Aim of the exercise. Starting from the line with "Nest is M1, partner", please copy exactly every line to the end of the listing, but not the pictures.

################

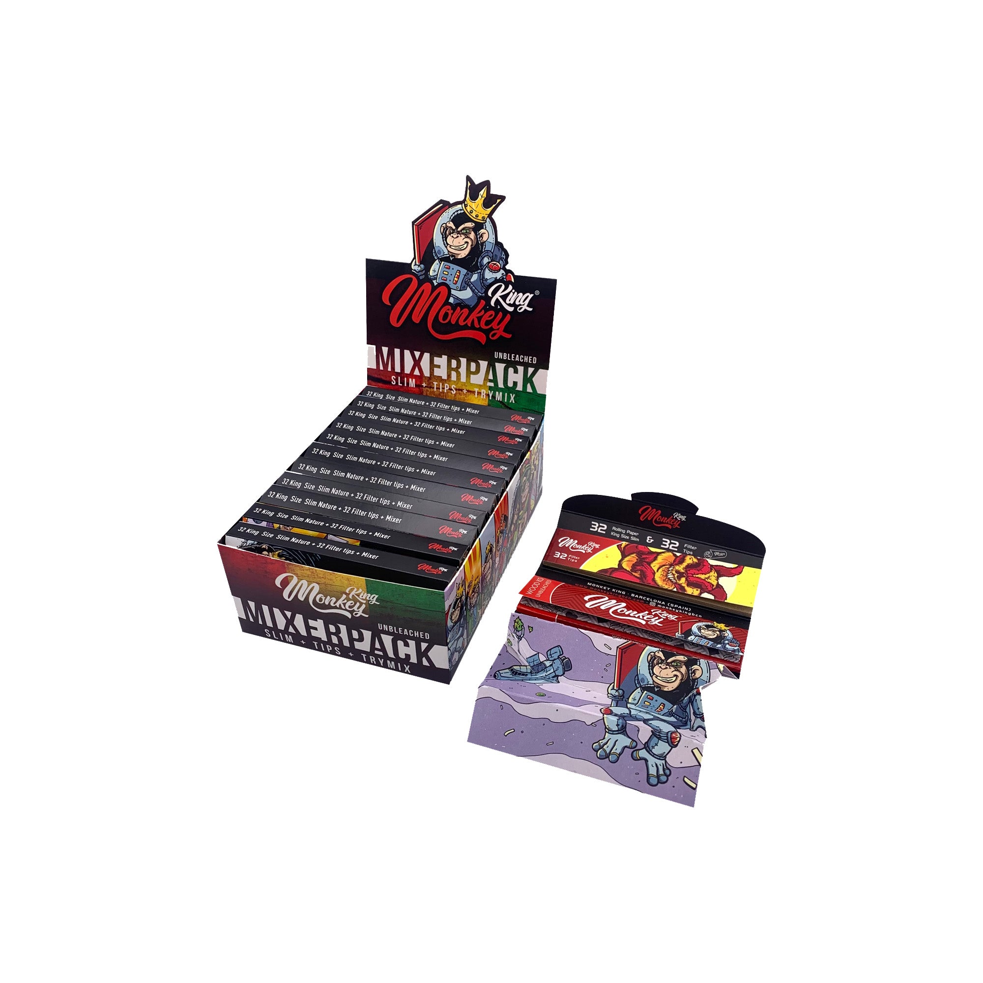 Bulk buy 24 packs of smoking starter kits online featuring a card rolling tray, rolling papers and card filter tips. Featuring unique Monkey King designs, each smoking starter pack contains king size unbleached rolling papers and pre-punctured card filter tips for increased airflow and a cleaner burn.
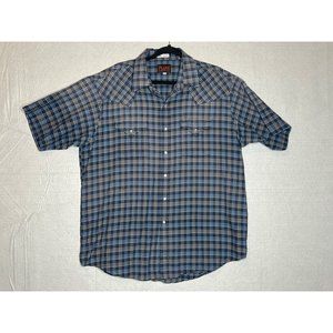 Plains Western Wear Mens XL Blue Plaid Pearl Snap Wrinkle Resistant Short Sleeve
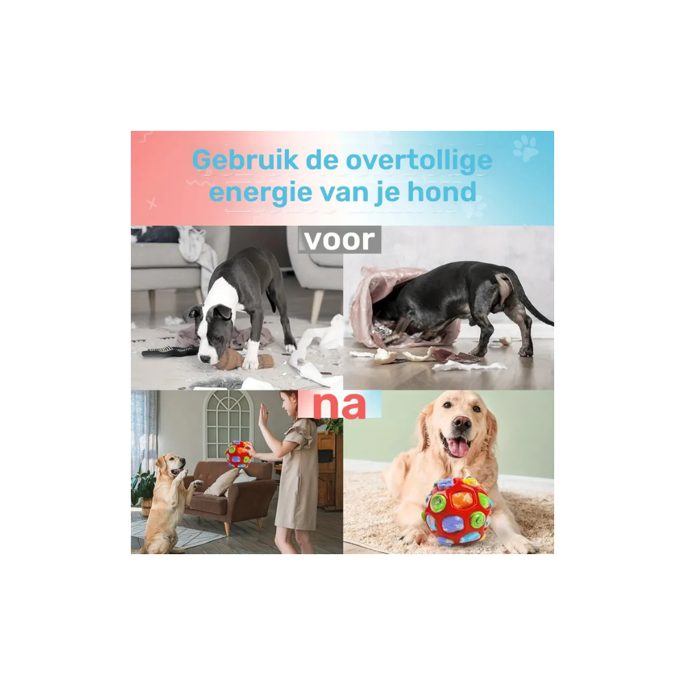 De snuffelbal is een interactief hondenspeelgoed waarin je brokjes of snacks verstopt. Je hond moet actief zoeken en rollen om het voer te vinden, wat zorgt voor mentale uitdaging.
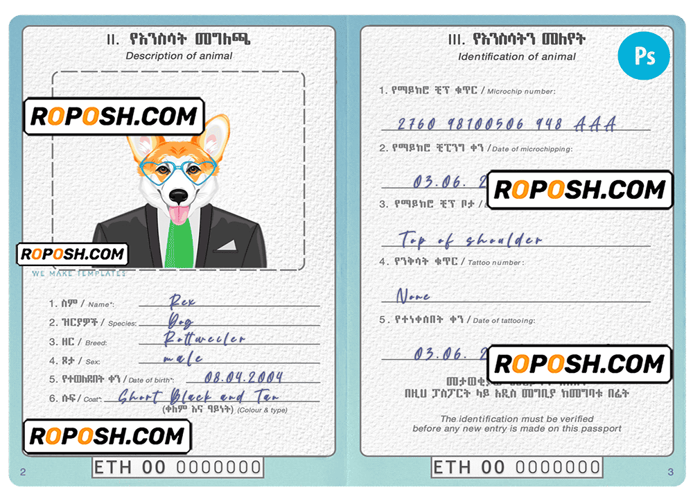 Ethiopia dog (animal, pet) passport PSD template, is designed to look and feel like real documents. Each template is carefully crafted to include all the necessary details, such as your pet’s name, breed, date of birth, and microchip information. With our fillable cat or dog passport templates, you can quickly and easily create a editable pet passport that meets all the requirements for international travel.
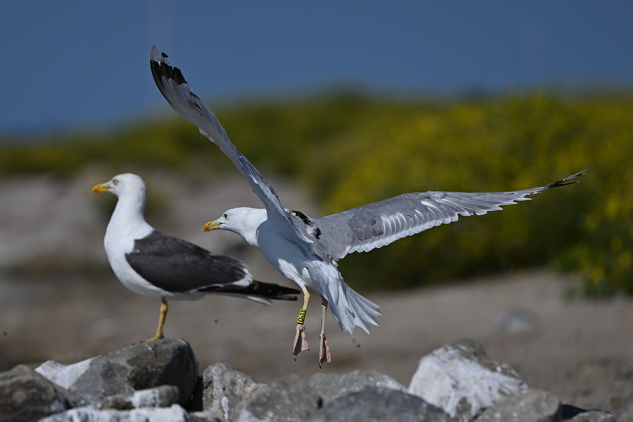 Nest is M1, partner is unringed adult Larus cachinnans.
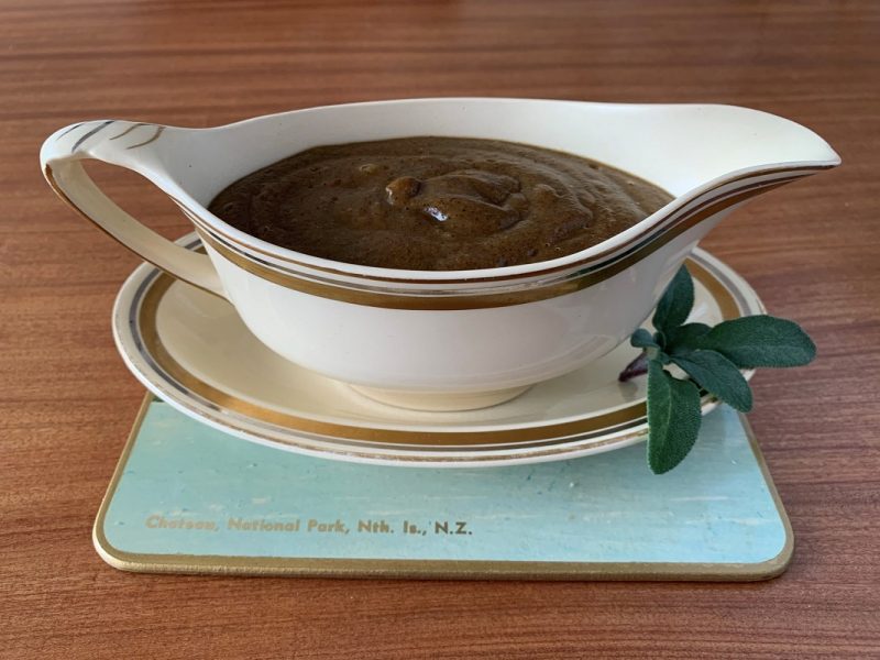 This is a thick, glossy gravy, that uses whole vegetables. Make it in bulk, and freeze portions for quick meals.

################

Final answer.
 Nest is M1, partner is unringed adult Larus cachinnans.
 This is a thick, glossy gravy, that uses whole vegetables. Make it in bulk, and freeze portions for quick meals.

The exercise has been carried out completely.